I was reading a post HERE and noticed the word 'Satellite' had a link embedded. When I rolled the mouse over it, a little window appeared to buy satellite equipment on ebay. It indicated it was powered by Viglink.

Is this the forum or my PC/browser?


----------



## RACJ2

I don't see that, so maybe its your browser. Although after further review, I see a link on the word eBay in your post that takes me to eBay.


----------



## SayWhat?

I don't see it. I've seen similar on other boards, but not here.


----------



## P Smith

Doesn't look as it done by the forum's vB - I see noting in FF+ABP from that page


----------



## sigma1914

RACJ2 said:


> I don't see that, so maybe its your browser. Although after further review, I see a link on the word eBay in your post that takes me to eBay.


Yeah, I see that too, but didn't add it. What's it say when you hover over ebay? Mine says, "Link added by VigLink."


----------



## RACJ2

It says "Link added by VigLink". I turned off my Adblock from my browser, thats when I saw that. Now that its off, I see the Satellite link as well.


----------



## Laxguy

I posted about this yesterday in another thread, where I wrote "iPad2" and it came up with a link to eBay, and when I posted the word "eBay" in a followup post, there was a link to their home page.

I'm using Chrome onna Mac.


----------



## SayWhat?

RACJ2 said:


> It says "Link added by VigLink". I turned off my Adblock from my browser, thats when I saw that. Now that its off, I see the Satellite link as well.


Yup, blocked by AdBlockPlus:



Code:


||viglink.com^$third-party

http://cdn.viglink.com/api/vglnk.js

Well, at least your PC isn't contaminated.


----------



## trh

sigma1914 said:


> I was reading a post HERE and noticed the word 'Satellite' had a link embedded. When I rolled the mouse over it, a little window appeared to buy satellite equipment on ebay. It indicated it was powered by Viglink.
> 
> Is this the forum or my PC/browser?


What I found interesting is in the link you referenced, satellite is spelled wrong.


----------



## SayWhat?

Don't they usually cover common misspellings like some do in URLs and on-line auctions?


----------



## sigma1914

trh said:


> What I found interesting is in the link you referenced, satellite is spelled wrong.


:lol: The VigLink it directs to has the misspelled word, too. http://www.ebay.com/itm/ws/eBayISAPI.dll?ViewItem&item=360401774631+&catId=267&item=360401774631


----------



## David Bott

Hey Guys...

We are using Viglinks on the site in order to maybe drive some a little more revenue. Been using on AVSForum for some time with very good success and some nice deals found. 

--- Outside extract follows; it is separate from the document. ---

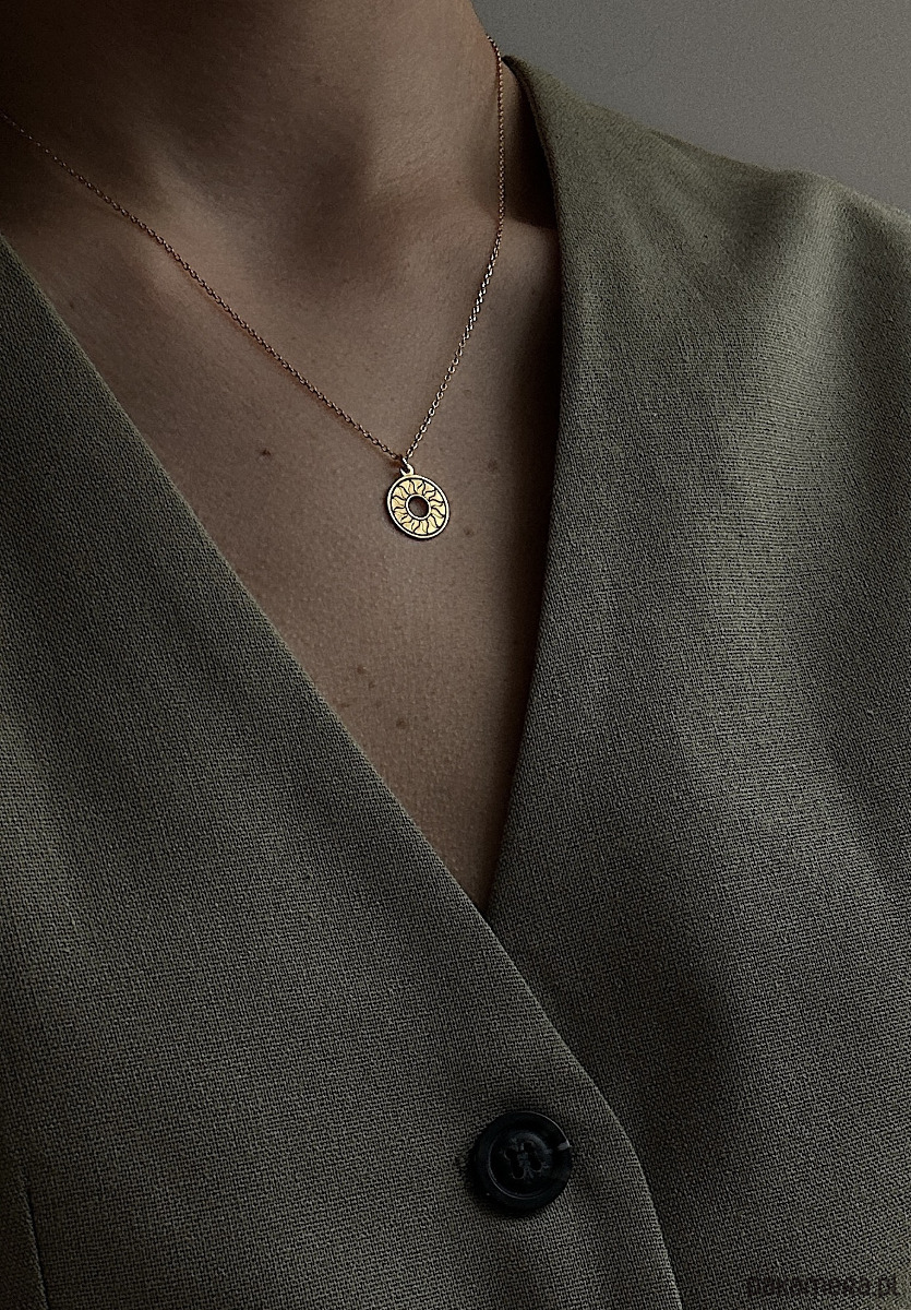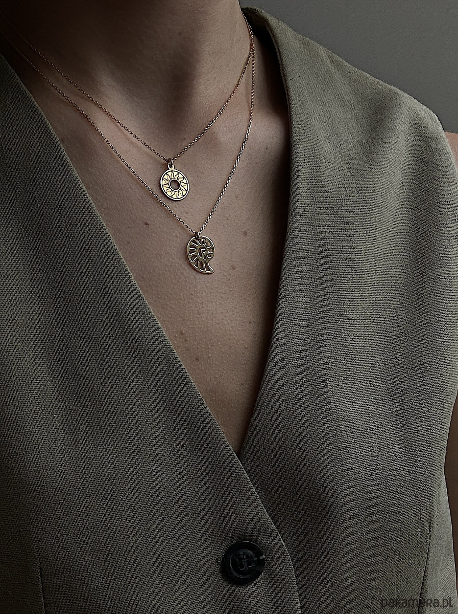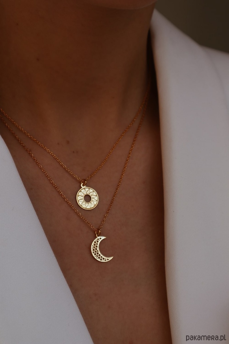 Złoty naszyjnik łańcuszkowy zdobiony słońcem i zawieszką z logo marki. Całość wykonana ze srebra 925 powlekanego 24 karatowym żółtym złotem.

In any case, I did not forgot about the fact that some people do not like it, so if you go into the USERCP and click on "Edit Your Details", at the bottom of that page you will see two new options that can control this setting. The first one if to shut them off for you seeing them and the second is to omit your posts from being word linked. While the first one is no biggie, kind of think about the second one as it does help to support the site being able to word link. 

Thanks all.


----------



## sigma1914

Thanks, Mr. Bott, for the clarification.


----------



## David Bott

Sure thing.


----------



## Drucifer

sigma1914 said:


> Thanks, Mr. Bott, for the clarification.


With getting FFv8 the other day, I thought it was that.


----------